* [The task]:
Once you find the line with "Gutaházy Németh Gyula" in the entries below, print it and each line after it up to and including the line with "I would be a", exactly, without pictures.

* [Data for processing]:
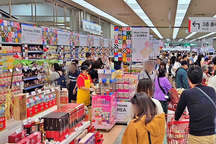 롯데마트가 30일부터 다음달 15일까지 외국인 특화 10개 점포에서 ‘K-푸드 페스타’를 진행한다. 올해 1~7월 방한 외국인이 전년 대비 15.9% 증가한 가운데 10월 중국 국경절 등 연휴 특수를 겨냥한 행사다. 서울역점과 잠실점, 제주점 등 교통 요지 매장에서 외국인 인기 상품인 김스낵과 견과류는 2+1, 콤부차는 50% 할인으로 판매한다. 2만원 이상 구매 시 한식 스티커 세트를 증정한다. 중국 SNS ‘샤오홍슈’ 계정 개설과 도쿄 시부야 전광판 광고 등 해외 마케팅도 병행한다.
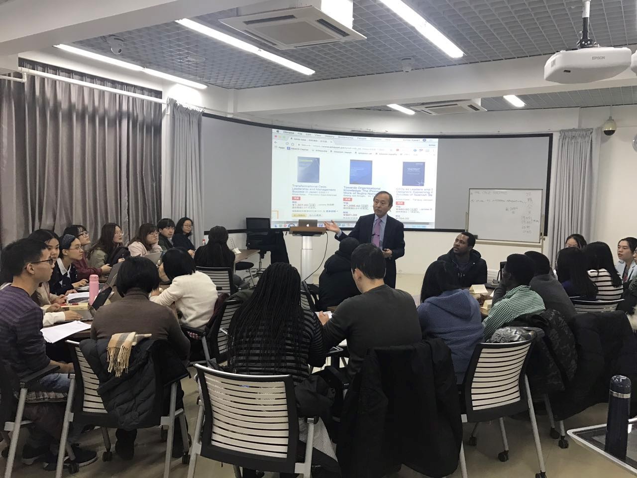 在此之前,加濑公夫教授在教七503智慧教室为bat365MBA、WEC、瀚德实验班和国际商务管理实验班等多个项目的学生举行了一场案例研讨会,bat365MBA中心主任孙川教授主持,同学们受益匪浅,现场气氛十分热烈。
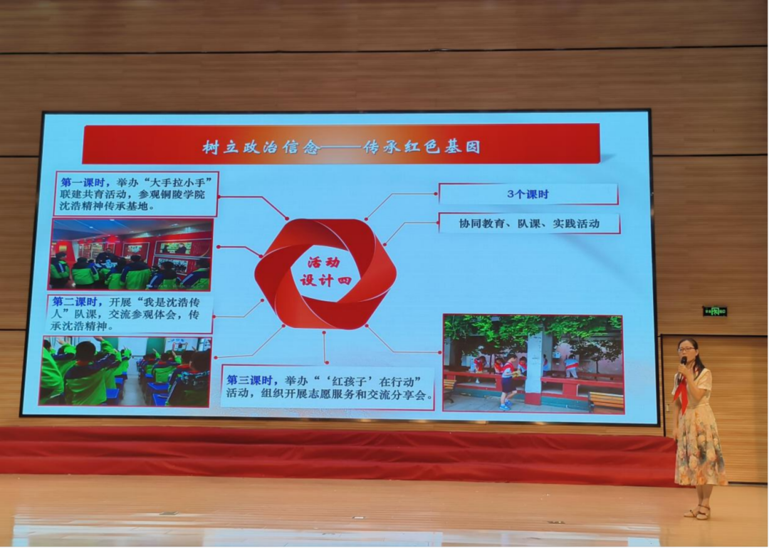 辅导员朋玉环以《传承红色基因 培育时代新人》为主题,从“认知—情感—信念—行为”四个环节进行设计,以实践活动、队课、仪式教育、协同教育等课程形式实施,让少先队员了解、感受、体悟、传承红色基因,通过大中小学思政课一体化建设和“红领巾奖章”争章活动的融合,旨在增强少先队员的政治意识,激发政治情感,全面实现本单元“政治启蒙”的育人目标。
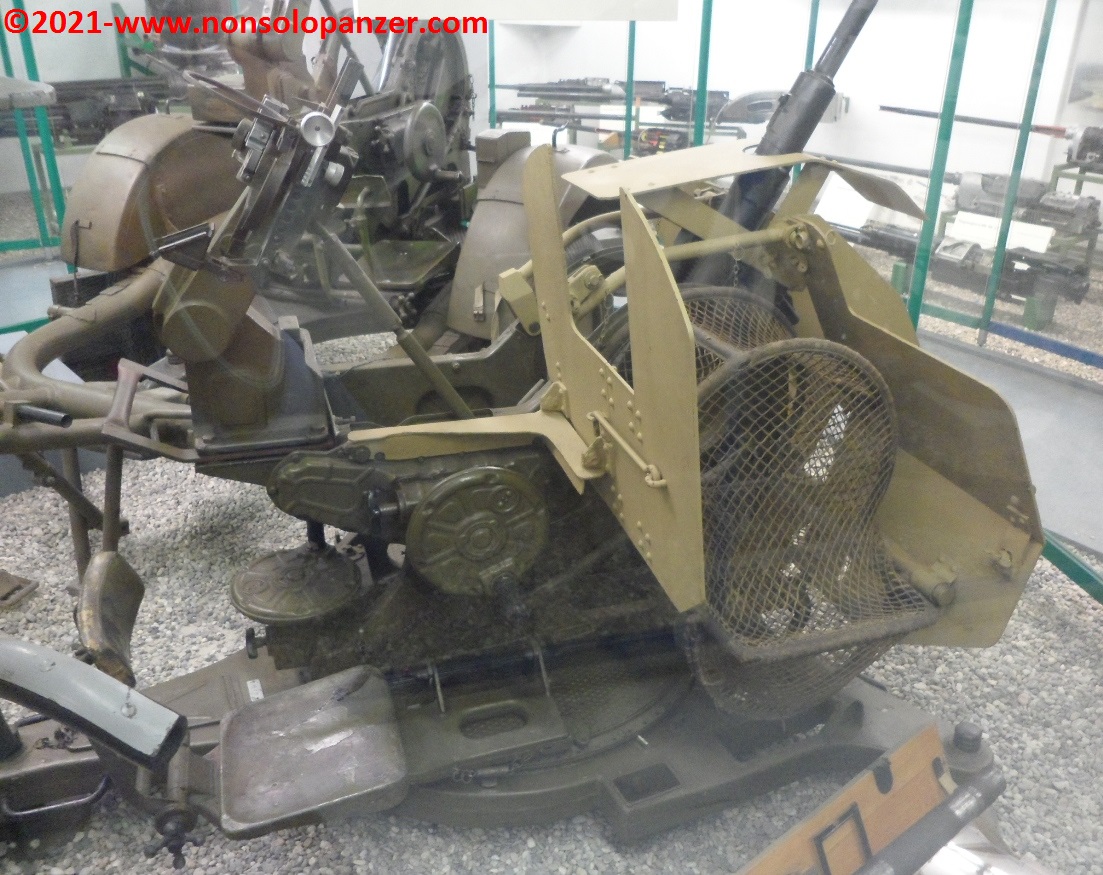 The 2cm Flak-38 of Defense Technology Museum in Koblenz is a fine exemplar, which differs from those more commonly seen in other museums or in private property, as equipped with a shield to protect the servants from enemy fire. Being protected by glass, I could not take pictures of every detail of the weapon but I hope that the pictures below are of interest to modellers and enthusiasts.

* * *

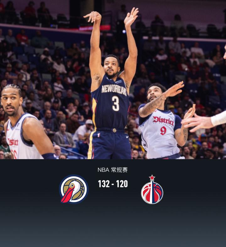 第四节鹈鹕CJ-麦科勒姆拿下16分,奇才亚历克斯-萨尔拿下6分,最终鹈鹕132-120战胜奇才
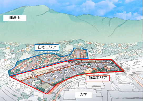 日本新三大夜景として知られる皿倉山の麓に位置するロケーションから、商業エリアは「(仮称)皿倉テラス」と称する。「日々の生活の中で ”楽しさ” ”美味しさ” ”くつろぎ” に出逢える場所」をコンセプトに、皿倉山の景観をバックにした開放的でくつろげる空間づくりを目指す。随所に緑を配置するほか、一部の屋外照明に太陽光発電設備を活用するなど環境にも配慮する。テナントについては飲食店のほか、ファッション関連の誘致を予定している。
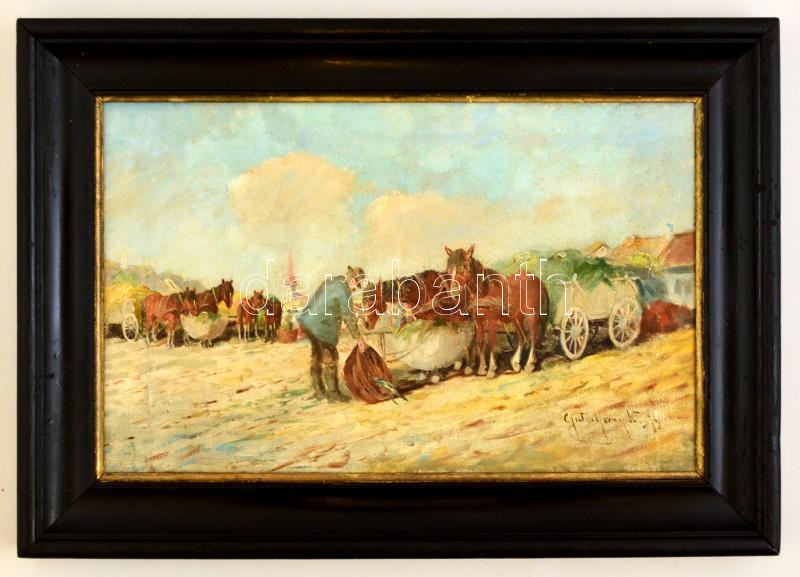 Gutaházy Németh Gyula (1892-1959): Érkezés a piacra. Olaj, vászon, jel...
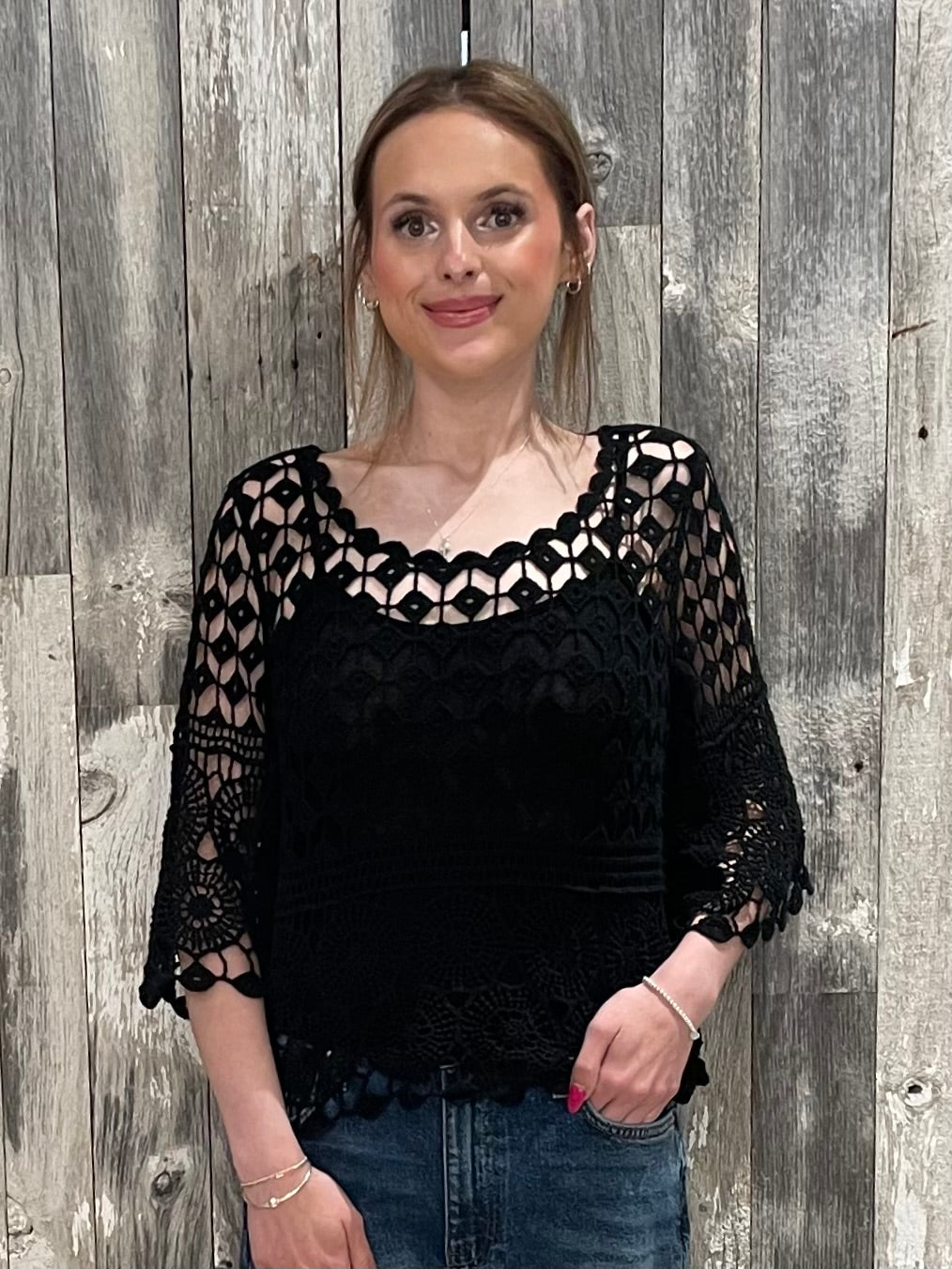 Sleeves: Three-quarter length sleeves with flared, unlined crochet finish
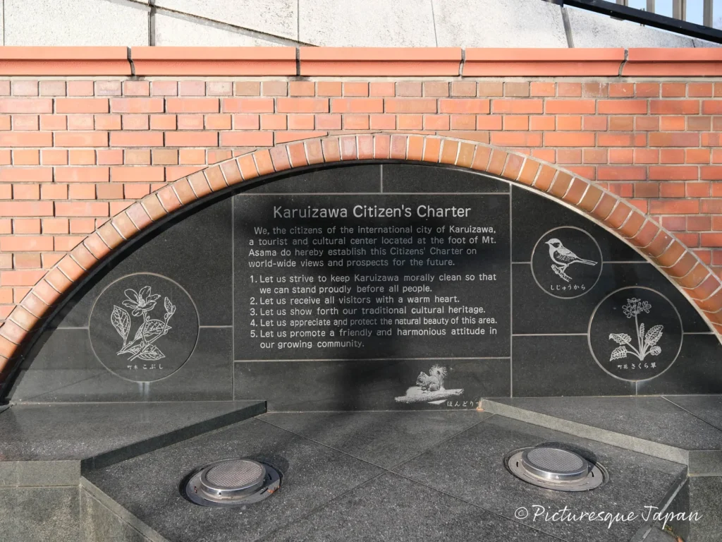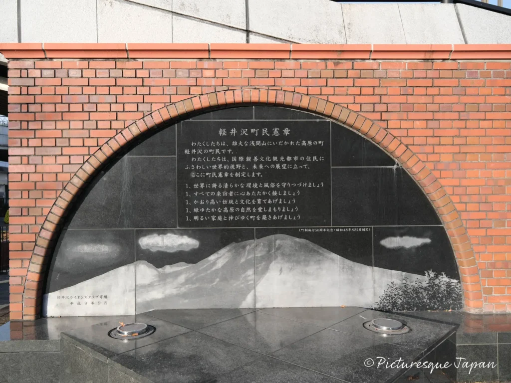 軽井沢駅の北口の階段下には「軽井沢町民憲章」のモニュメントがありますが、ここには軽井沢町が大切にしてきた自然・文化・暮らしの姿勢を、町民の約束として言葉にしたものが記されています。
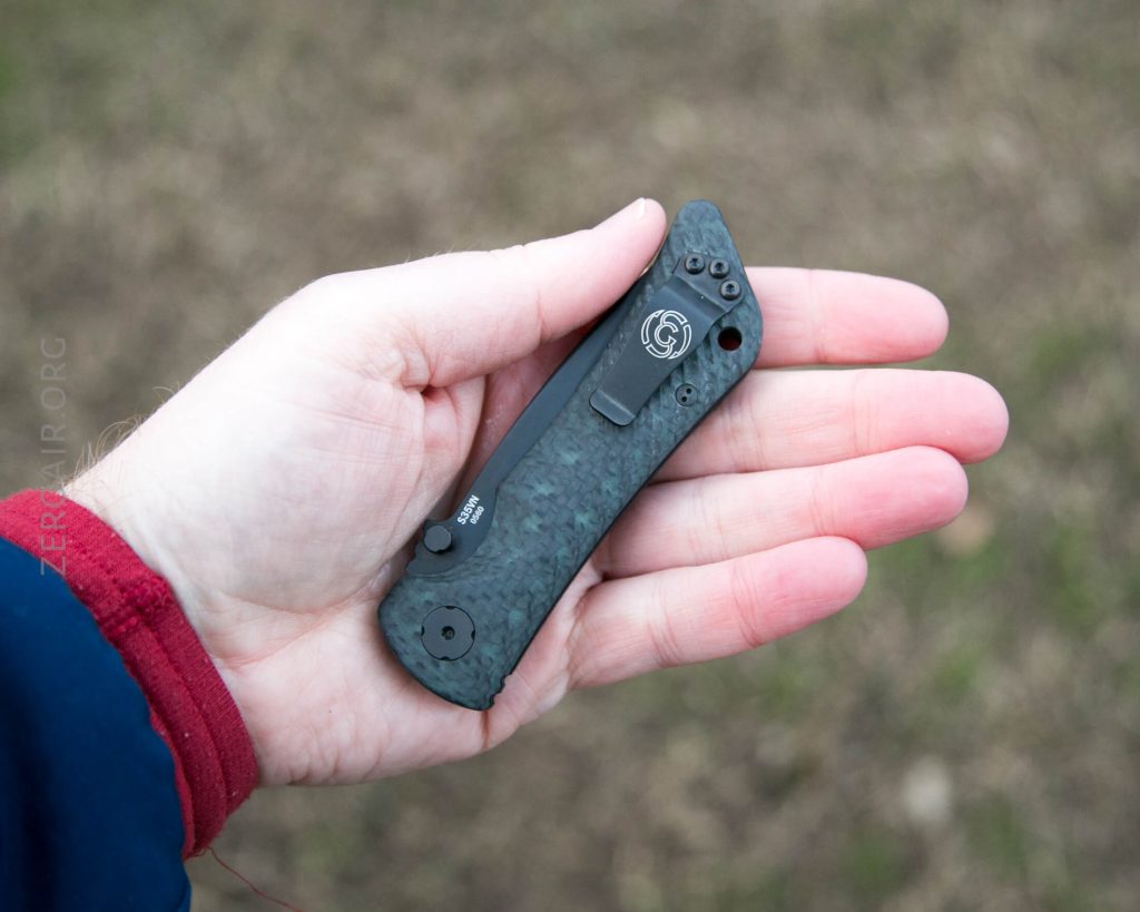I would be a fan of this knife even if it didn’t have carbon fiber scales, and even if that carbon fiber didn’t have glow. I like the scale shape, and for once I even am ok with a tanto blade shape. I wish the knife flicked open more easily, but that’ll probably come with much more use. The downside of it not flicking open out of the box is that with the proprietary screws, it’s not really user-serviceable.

---

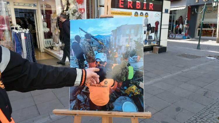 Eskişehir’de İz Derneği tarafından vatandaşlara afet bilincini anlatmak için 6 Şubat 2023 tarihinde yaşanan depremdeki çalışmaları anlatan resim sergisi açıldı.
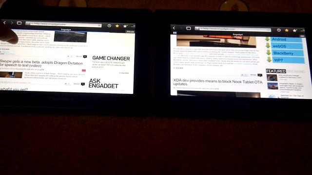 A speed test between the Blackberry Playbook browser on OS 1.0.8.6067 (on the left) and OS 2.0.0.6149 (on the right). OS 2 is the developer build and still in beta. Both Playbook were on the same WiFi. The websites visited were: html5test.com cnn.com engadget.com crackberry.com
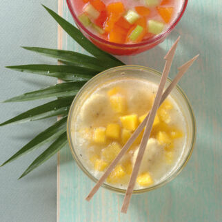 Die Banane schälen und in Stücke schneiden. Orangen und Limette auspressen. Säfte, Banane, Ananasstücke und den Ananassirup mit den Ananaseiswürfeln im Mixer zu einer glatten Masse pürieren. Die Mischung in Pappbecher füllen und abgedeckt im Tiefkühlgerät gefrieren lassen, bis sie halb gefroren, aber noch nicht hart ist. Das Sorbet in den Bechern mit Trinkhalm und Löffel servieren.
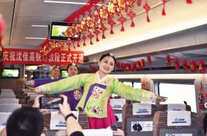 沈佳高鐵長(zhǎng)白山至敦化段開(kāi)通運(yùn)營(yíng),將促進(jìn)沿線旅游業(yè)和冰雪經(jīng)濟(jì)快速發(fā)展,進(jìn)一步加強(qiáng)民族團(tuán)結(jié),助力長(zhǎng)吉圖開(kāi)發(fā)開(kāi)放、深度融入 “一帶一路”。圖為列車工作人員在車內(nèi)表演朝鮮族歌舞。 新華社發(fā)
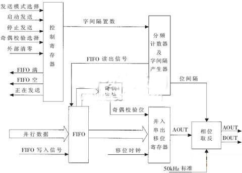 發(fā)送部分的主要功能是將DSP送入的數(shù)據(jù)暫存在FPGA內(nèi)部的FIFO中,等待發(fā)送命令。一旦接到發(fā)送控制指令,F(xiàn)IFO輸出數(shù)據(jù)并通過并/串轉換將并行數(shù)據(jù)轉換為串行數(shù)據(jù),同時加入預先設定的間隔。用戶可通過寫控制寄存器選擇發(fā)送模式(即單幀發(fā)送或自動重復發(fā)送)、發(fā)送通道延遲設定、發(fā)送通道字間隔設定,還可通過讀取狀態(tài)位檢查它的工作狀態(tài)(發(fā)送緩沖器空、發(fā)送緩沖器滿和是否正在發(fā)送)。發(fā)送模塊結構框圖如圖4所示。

* [Answer section]:
 Gutaházy Németh Gyula (1892-1959): Érkezés a piacra. Olaj, vászon, jel...
 Sleeves: Three-quarter length sleeves with flared, unlined crochet finish
 軽井沢駅の北口の階段下には「軽井沢町民憲章」のモニュメントがありますが、ここには軽井沢町が大切にしてきた自然・文化・暮らしの姿勢を、町民の約束として言葉にしたものが記されています。
I would be a fan of this knife even if it didn’t have carbon fiber scales, and even if that carbon fiber didn’t have glow. I like the scale shape, and for once I even am ok with a tanto blade shape. I wish the knife flicked open more easily, but that’ll probably come with much more use. The downside of it not flicking open out of the box is that with the proprietary screws, it’s not really user-serviceable.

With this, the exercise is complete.